Making sense of the proposed decontrol of sugar sector

The debate is again on the wisdom of leaving everything to the market


Prasanna Mohanty | December 5, 2012

It isn’t only about the FDI in retail. The union government is facing strong opposition in virtually every attempt it is making to open up the economy to the market forces. The farmers’ agitation over the proposed decontrol of sugar industry is only the latest.

Led from the front by former army chief General (retired) VK Singh and convenor of the Rashtriya Kisan Mazdoor Sangathan (RKMS) VM Singh, hundreds of sugarcane farmers of northern states held a daylong demonstration at Jantar Mantar in New Delhi on December 4 and have threatened to intensify their agitation if the government went ahead and freed the sugar industry from all controls. Their fear is that this will leave them completely at the mercy of the sugar mills.

Also read: Farmers protest govt push for sugar sector deregulation

The government has indicated its inclination to do so as per the recommendations of the Rangarajan committee report on regulation of sugar sector, which was submitted in October this year. Some of the key elements of the report are: (a) retain fair and remunerative price (FRP) announced by the centre every year as the minimum price of sugarcane but dismantle the state advised price (SAP), which the states announce, fixing the minimum price of sugarcane at a much higher than FRP price; (b) in addition to FRP, the farmers to get 70 percent share of the revenue generated by the mills for sugar and sugar by-products (at ex-mill prices) to be announced by the state governments; (c) dismantle sugar mills’ obligation to supply a part of their sugar production to the PDS system at a lower price (levy sugar); (d) dismantle the mechanism of regulated release of non-levy sugar to the market; (e) allow free import and export of sugar (f) cane area reservation be phased out and (g) dismantle mandatory requirement of jute packing.

On the face of it, the recommendations seem quite logical and sound. A 70 percent revenue share (which would also mean a part of the profits) is as good a deal for the farmers as any. (It is based on the calculation of cost incurred by farmers and millers). But the devil lies in the detail. For one, the report hasn’t spelt out how this will be ensured except saying that the state governments will be announcing the ex-mill prices of sugar and its byproducts – molasses, bagasse (cane fibre) and press mud (used in paper industries) – once every six months. And that the revenue share is based on a recovery rate of 10.31 per cent (of sugar from the sugarcane).

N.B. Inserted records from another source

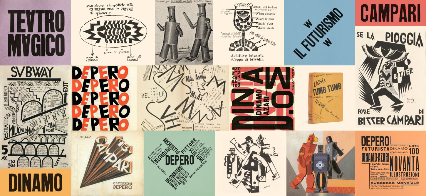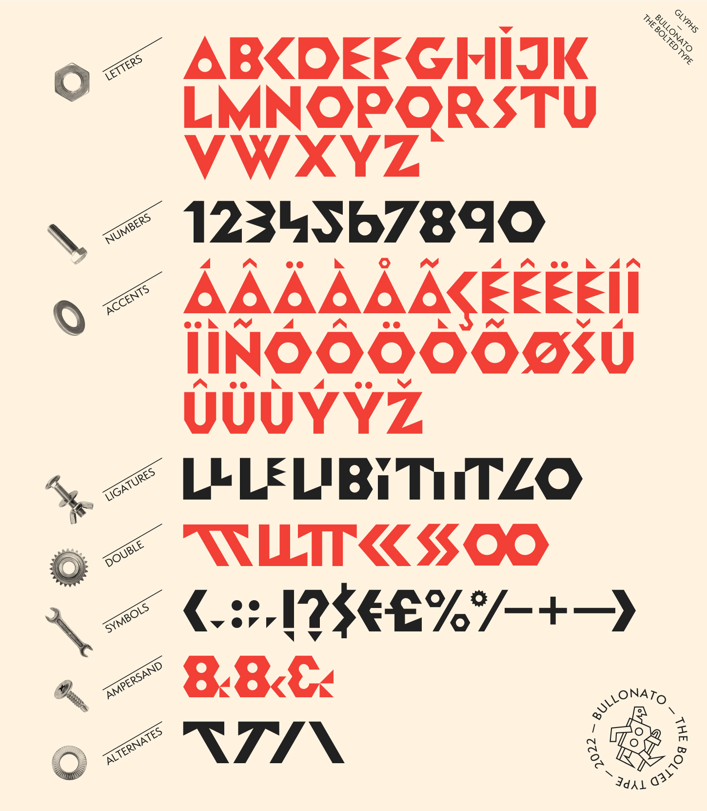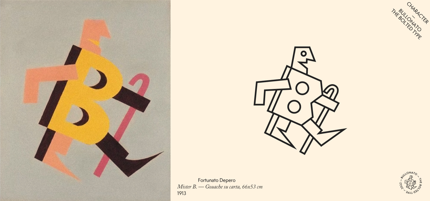 The bolt, the emblematic symbol of Depero’s work, becomes the matrix of this new typeface from which its glyphs take shape. Mechanical and artisanal, Bullonato echoes the typography Depero elaborated in his most famous advertisements. Its set of letters, numbers, accents, ligatures, stylistic alternatives, doubles, etc. offers, to those who use it, the maximum futurist charge and freedom of expression.
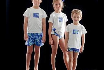 Modelo 1, es un estampado azul con bañador estilo bóxer para papá y bañador niño ó culetín niña, con el estampado a juego
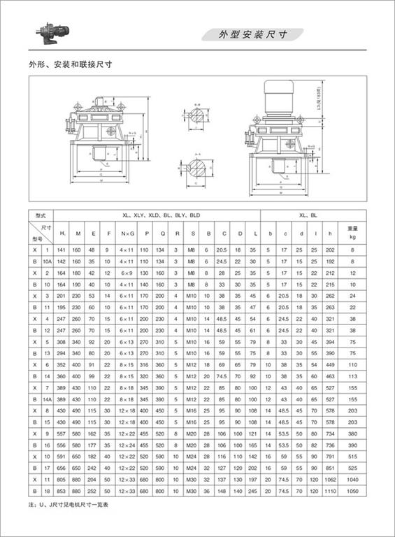 B、X系列擺線針輪減速機外型安裝尺寸
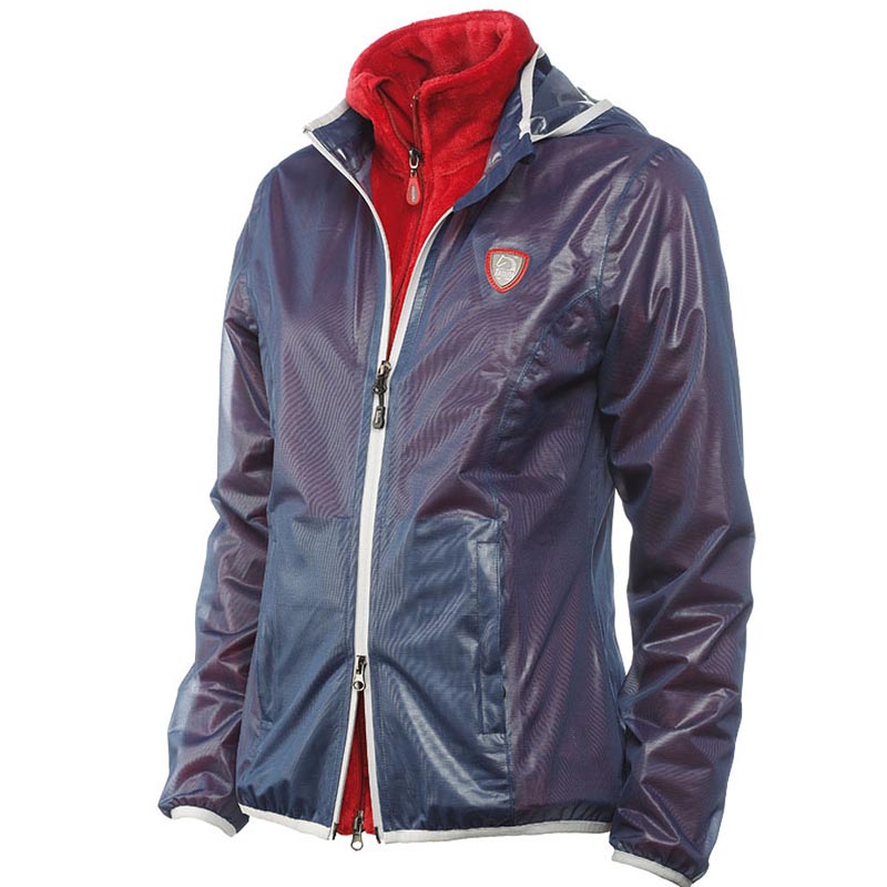 • Waterproof rain jacket Tattini unisex for competition. Rain jacket, fitted waist line, polyester tricot extra light, waterproof and breathable, with thermo taped seams and waterproof two-way zip. Removable hood, zipped pockets concealed, contrasting elastic profiles. Excellent as a guard over competition jacket.
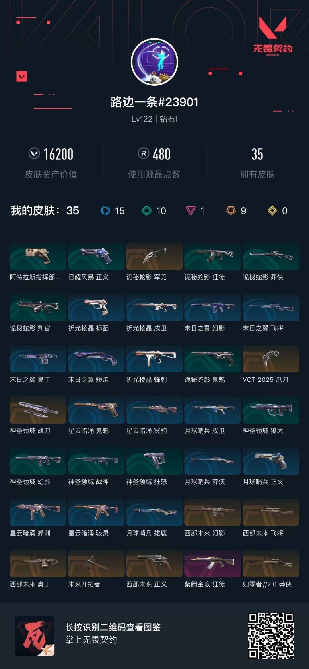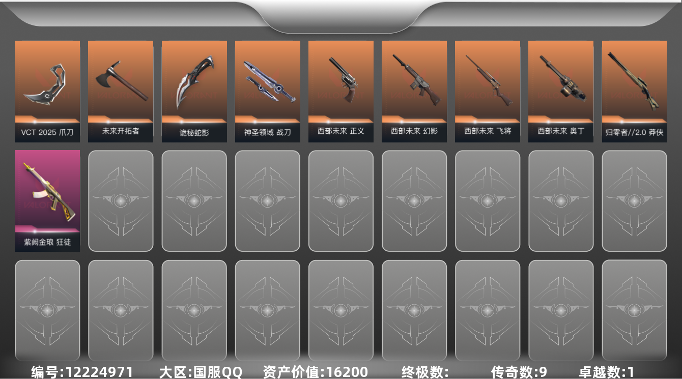 [12224971]9橙皮 1紫皮 35皮肤 21英雄 76卡面 480已用源晶 钻石 优质装备:狂徒-紫阙金琅,神圣领域 战刀,未来开拓者,VCT 2025 爪刀,诡秘蛇影 套装:VCT 2025赛季礼包,西部未来,VCTCN2025套装 佩枪皮肤:正义-西部未来 步枪皮肤:幻影-西部未来 狙击枪皮肤:莽侠-归零者//2.0,飞将-西部未来 机枪皮肤:奥丁-西部未来
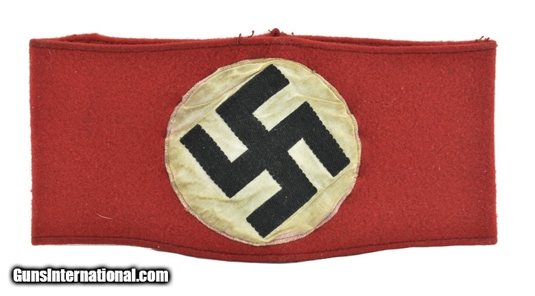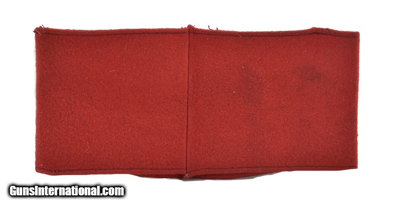 Description: German Supporters Armband. Constructed on thick red wool with a white cotton circle sewn on and a separate swastika piece sewn in the middle of the circle, three-piece constructed armband. SOLD |
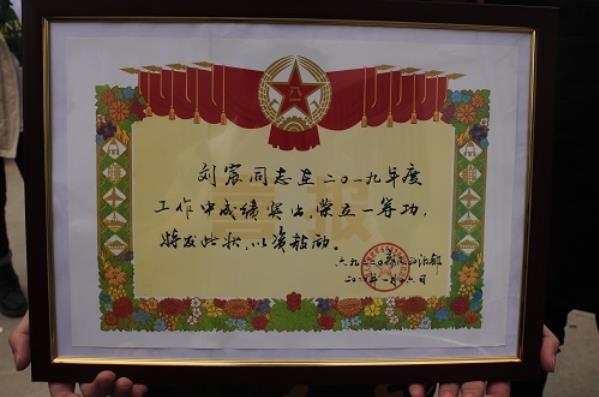 近日,中國人民解放軍69220部隊領導來到綿陽市三臺縣,與三臺縣人武部、退役軍人事務局領導一起為我校2017年入伍學生劉宸送去“一等功”立功喜報。
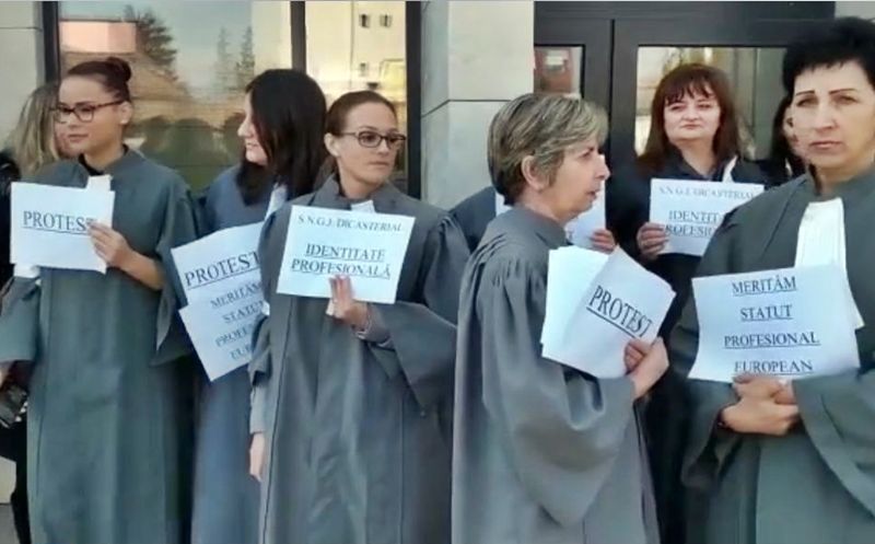 Aproximavtiv 50 de grefieri au protestat în fața Palatului de Justiție din Bistrița! Alți 11 au participat la mitingul din Capitală

Sompal, former union agriculture minister who has been fighting for the farmers’ rights, says, “If the government can enforce that the farmers get 70 per cent of revenue on realisation basis, this (decontrol of sugar sector) will be ideal. We have been advocating for this for more than 30 years”. The key, he says, lies in “ensuring” that the farmers get their dues, and not leaving it to the sugar mills which will not give the farmers their dues. His suggestion: enforce it through the Essential Commodities Act.

His only “difference of opinion” is regarding de-control of sugar byproducts which has been left to the state governments in the Rangarajan committee report. All reforms should be attempted at one go. Leaving a part of it to the state government may distort the entire process, he warns. More so, he says, since now the byproducts constitute the major chunk of revenue generation of the sugar mills.

But the farmers are not convinced. They want the government to reject the Rangarajan committee report.

VM Singh of the Rashtriya Kisan Mazdoor Sangathan says the new regime would mean substantially lower price of sugarcane to the farmers. For one, he says, SAP is always higher than FRP. Last year, UP had fixed SAP at Rs 240-250 per quintal while FRP was Rs 145-150 per quintal. Secondly, he says, since revenue calculation is based on a recovery rate of 10.31 per cent, it will mean a lower price for the farmers of the northern states where the recovery rate is 8 to 9.5 per cent. The new regime will benefit the southern states (with tropical climate) more as the recovery rate there is between 12 to 14 per cent (due to climatic factors and a longer harvesting period). Thirdly, what happens if the sugar prices drastically fall? Or the mills claim to be making loses? How will the farmers recover their investment? In fact, Singh reflects the main concern of the farmers when he says, “Why should farmers allow themselves to be in a situation where their interests are not protected?”

In fact, in a letter to the prime minister last month, Singh opposed the Rangarajan committee recommendations by saying that it would mean going back to the pre-1966 situation when the sugar sector was unfettered. In 1966, the government brought in the Sugarcane Control Order and started fixing FRP. He writes: “The mills will take advantage of its monopoly and the farmers who do not have any negotiating power will be discriminated against and paid different rates as compared to uniform rates in the present system…”

That is not all. He also fears that by not regulating release of the non-levy sugar the government will give the sugar mills an opportunity to hoard and make a killing at the cost of the consumers. Right now, the government decides when the mills should release sugar to the market for open sale.